If URL fails with timeout or 5xx error:
1. Retry once after 3-second delay
2. If second attempt succeeds: PASS
3. If second attempt fails: FAIL (report as unreliable)

**Do not retry:**
- 404 Not Found (permanent)
- 403 Forbidden (permission issue)
- DNS failure (domain issue)

## Success Criteria

Link verification passes when:
- All URLs return 200 OK (or 301/302 to 200 OK)
- All quoted text exists verbatim in sources
- Zero placeholders detected
- All attributions match source metadata
- Verification report shows PASS status

## Common Mistakes

| Mistake | Fix |
|---------|-----|
| Ignoring 301 redirects | Follow redirect and verify final destination |
| Accepting paraphrased quotes | Find verbatim match or remove quote formatting |
| Leaving placeholder links | Replace with actual sources |
| Skipping retries for timeouts | Retry once, then report if still failing |
| Not checking attribution accuracy | Verify author/title match source metadata |

## Related Skills

- **citation-compliance**: Invokes this skill for URL validation
- **content-verification**: Uses this skill for explicit verification step
- **source-integrity**: Validates source metadata (complementary concern)
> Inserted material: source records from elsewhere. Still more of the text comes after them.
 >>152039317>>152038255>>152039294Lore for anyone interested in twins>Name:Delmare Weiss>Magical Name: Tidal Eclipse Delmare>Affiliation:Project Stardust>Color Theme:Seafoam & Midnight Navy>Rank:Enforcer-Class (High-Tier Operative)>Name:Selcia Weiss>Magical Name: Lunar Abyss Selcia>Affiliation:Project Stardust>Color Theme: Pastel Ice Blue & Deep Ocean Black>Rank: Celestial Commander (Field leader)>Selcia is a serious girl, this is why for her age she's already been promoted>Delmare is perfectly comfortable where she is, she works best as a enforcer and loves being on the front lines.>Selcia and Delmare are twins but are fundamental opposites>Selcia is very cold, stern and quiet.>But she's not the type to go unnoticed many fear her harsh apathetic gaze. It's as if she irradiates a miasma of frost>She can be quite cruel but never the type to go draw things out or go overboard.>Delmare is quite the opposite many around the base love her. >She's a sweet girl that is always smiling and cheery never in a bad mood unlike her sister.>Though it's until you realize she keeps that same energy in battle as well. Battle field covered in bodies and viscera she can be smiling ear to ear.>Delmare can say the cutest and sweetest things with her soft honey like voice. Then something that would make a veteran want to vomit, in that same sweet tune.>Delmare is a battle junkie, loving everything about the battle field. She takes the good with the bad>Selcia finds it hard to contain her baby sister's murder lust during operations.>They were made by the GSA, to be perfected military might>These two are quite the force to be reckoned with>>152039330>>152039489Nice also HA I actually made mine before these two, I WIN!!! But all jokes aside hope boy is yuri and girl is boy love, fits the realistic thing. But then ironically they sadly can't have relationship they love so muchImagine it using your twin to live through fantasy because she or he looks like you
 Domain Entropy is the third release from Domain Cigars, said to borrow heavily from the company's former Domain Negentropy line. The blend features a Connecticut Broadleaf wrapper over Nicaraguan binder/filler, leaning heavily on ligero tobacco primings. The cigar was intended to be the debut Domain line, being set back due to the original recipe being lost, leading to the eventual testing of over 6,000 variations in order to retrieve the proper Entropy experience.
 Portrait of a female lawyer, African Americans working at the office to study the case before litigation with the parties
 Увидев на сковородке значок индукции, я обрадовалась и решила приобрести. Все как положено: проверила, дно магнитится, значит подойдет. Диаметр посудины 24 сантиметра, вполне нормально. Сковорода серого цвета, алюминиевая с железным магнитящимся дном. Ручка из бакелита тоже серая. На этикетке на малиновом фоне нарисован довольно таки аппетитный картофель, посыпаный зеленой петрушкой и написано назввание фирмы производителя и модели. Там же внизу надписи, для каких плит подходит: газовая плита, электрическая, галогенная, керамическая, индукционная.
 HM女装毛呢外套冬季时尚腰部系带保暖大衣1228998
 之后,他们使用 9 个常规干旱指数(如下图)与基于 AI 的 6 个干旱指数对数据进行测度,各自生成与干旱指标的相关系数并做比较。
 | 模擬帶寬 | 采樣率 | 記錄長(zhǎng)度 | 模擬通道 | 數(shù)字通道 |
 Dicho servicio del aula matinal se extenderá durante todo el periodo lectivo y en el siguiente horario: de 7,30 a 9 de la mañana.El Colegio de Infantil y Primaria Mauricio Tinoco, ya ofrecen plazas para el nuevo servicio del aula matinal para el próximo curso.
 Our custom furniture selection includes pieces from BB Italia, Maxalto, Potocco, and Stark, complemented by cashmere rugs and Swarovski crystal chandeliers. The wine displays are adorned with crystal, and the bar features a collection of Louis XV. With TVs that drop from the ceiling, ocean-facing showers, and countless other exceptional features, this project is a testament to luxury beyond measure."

## Anti-Rationalization Blocks

Common excuses that are **explicitly rejected**:

| Rationalization | Reality |
|----------------|---------|
| "Link worked yesterday" | Verify every time. No assumptions. |
| "Quote is close enough" | Verbatim or not a quote. |
| "Placeholder is obvious" | Replace with actual source. |
| "One broken link is fine" | Zero tolerance. Fix or fail. |
| "We'll verify later" | Verify now or block workflow. |